My Mother died and left no will or power of attonery. She left a mortgaged home and property.

Asked over 3 years ago - Ocala, FL

I live in Florida and have 2 other brothrs. The youngest was living with our Mother until she died and is still living in the house. He has laid claim to it and will not me or the brother in the house. Where do we stand to get our Mother's business taken care of. The house has a large mortgage and Bank Of America has sent a paper asking about continuing the loan. The brother living in the home wants to live there rent free. There was no insurance on the house to cover the loan.
Where do I and my other brother stand. We want to get in the house to get things taken out of there before foreclosure but the brother living there will not let us in.

Attorney answers (4)

  1. Debra G Simms


    Contributor Level 11

    Answered . Did your mother live in Florida when she died? In Florida, her house would pass to her children equally if there is no will (unless she was married when she died). You will need to hire a Florida attorney to file a probate action so you can deal with the bank or sell the house.

    Please call me for further assistance.

    Debra G. Simms

  2. Joseph Franklin Pippen Jr.


    Contributor Level 20

    Answered . Assuming the house is in Florida-get Florida attorney to open probate estate.
    Two siblings can approve for one to serve as personal representative of estate.
    Once appointed-can legally deal with getting brother to pay rent or leave.

  3. Joseph Warren Cannon Boyles

    Contributor Level 10

    Answered . I agree with Mr. Thomas that you need an attorney. You will need to open up a Probate estate and a Florida attorney can help you with that.

    If your mother died without a will, her property will most likely be divided up equally between you and your brothers. One of you will likely be appointed to gather together the property and distribute it, and that may involve securing the homestead.
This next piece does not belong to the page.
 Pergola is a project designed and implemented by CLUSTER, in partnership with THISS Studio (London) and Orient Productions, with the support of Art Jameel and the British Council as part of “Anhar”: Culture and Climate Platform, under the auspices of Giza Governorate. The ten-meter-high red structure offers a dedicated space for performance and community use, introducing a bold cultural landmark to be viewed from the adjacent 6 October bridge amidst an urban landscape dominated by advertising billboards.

    If the 3 of you cannot figure out a way to pay off the mortgage, it may be best to sell the property after the estate administration is over. Hopefully everyone will agree at that point, because losing the house to foreclosure would be a shame.

    Good luck.

    Joseph W. C. Boyles
    Boyles & Boyles, PLLC
    Attorneys and Counselors at Law
    212 West Cervantes Street
    Pensacola, Fl 32501
    Telephone (850) 433-9225
    Fax (850) 434-7898

  4. James Brian Thomas

    Contributor Level 14


    Lawyer agrees

    Answered . The short answer is, you're going to need an attorney. What you've described is hardly uncommon, but it isn't the kind of thing that you can fix or address by yourself. When a person dies without a Will, we call it dying intestate. In Texas, as I'm sure is the case in Florida, intestate estates are divided among a decedent's heirs according to statute. I obviously can't tell you how it works in Florida, but odds are that you and your siblings are probably treated equally.

    This leaves you with several problems that an attorney can assist you with.
    1. The value of occupying the house is worth something. How do you secure your right to 1/3 rent from your younger brother?
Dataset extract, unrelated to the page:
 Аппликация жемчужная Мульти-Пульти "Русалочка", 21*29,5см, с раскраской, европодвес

    2. The items in the home are sentimental to you if not valuable in their own right. How do you get in to divide them up?

    3. Your mother's creditor (Bank of America) will eventually step up and kick your brother out if you do not address the issue of the mortgage. How do you save the house, if you can?
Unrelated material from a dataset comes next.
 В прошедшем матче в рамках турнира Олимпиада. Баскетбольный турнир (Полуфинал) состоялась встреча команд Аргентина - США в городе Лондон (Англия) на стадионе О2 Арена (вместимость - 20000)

    All three of these issues can be addressed by a local attorney that practices probate. An estate administration may be required, or an attorney may simply be able to give you some muscle trying to negotiate with your younger brother. Sadly, this is not a self-help situation. If the items in the home and the house itself are worth it to you, sit down with an attorney.

    Disclaimer: This answer does not constitute legal advice. I am admitted to practice law in the State of Texas only, and make no attempt to opine on matters of law that are not relevant Texas. This answer is based on general principles of law that may or may not relate to your specific situation. You should not rely on this answer alone and nothing in these communications creates an attorney client relationship.